Heart cam: this special shape creates a uniform motion - meaning the follower moves at a constant speed up and down. This is useful in machinery where smooth, consistent movement is important, like in sewing machines.

Snail/drop cam: creates a slow rise followed by a sudden drop. Imagine a door closer mechanism - it closes the door slowly but lets it open quickly.

A crank and slider converts rotary motion to reciprocating motion (or vice versa). Picture a train's wheels and connecting rods - as the wheel (crank) turns, it makes the piston (slider) move back and forth. This is also how a petrol engine converts the up-and-down motion of pistons into the rotating motion of the crankshaft.

An example of this is in a pillar drill, where the table bed is moved up and down.

A Rack and Pinion converts rotary motion to linear motion using a gear (pinion) that meshes with a toothed bar (rack). When the gear turns, the rack moves in a straight line. This is used in car steering systems - turning the steering wheel (rotary) makes the wheels turn left or right (linear). Can also be used to open and close an electric gate, with the motor (rotary) makes the gate move left or right (linear).

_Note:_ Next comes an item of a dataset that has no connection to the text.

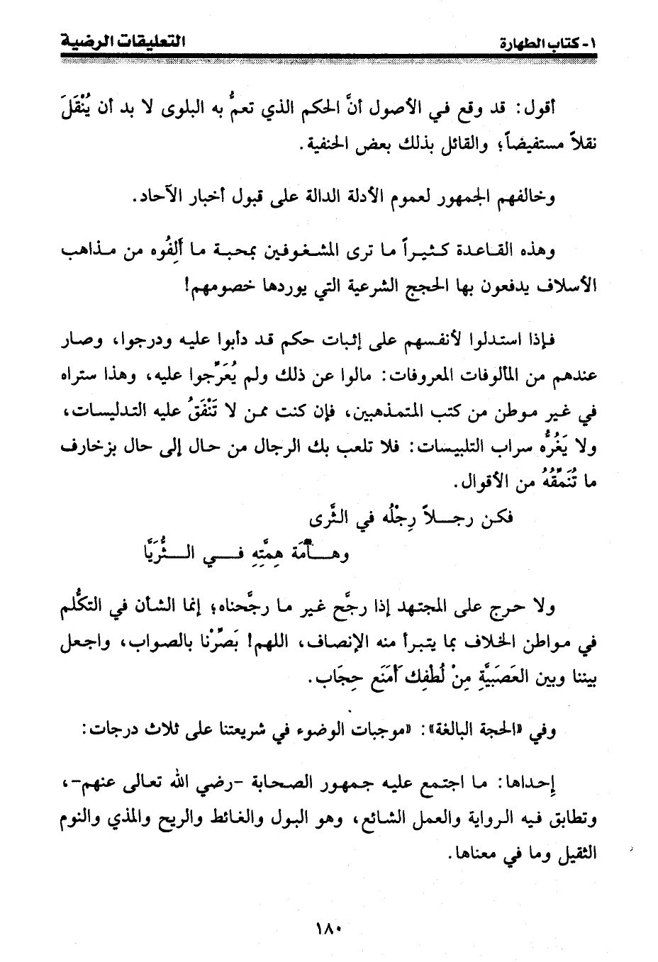 وفي " الحجة البالغة ": " موجبات الوضوء في شريعتنا على ثلاث درجات: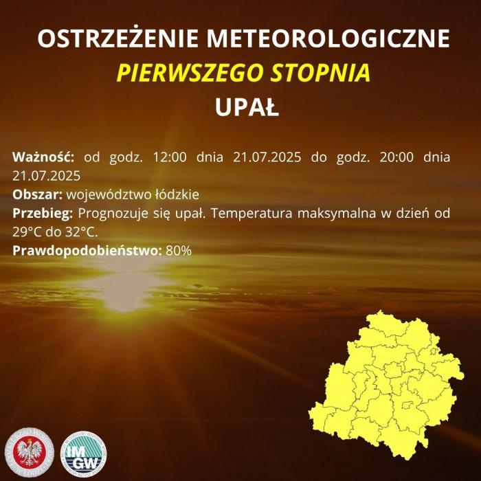 Instytut Meteorologii i Gospodarki Wodnej – Państwowy Instytut Badawczy wydał ostrzeżenie meteorologiczne pierwszego stopnia dotyczące upałów.

Screw threads convert rotary motion to linear motion by using spiral grooves. When you turn a screw (rotary), it moves forward or backward (linear). Examples include machine vice in workshops, jar lids, and bottle caps. The thread angle determines how far the screw advances with each rotation.

A ratchet and pawl mechanism allows rotation in one direction while preventing reverse motion. Think of a bicycle's free wheel - you can pedal forward, but the wheel won't spin backwards. The ratchet is a wheel with angled teeth, and the pawl is a finger that fits between them. It's also used in socket wrenches and hand winches.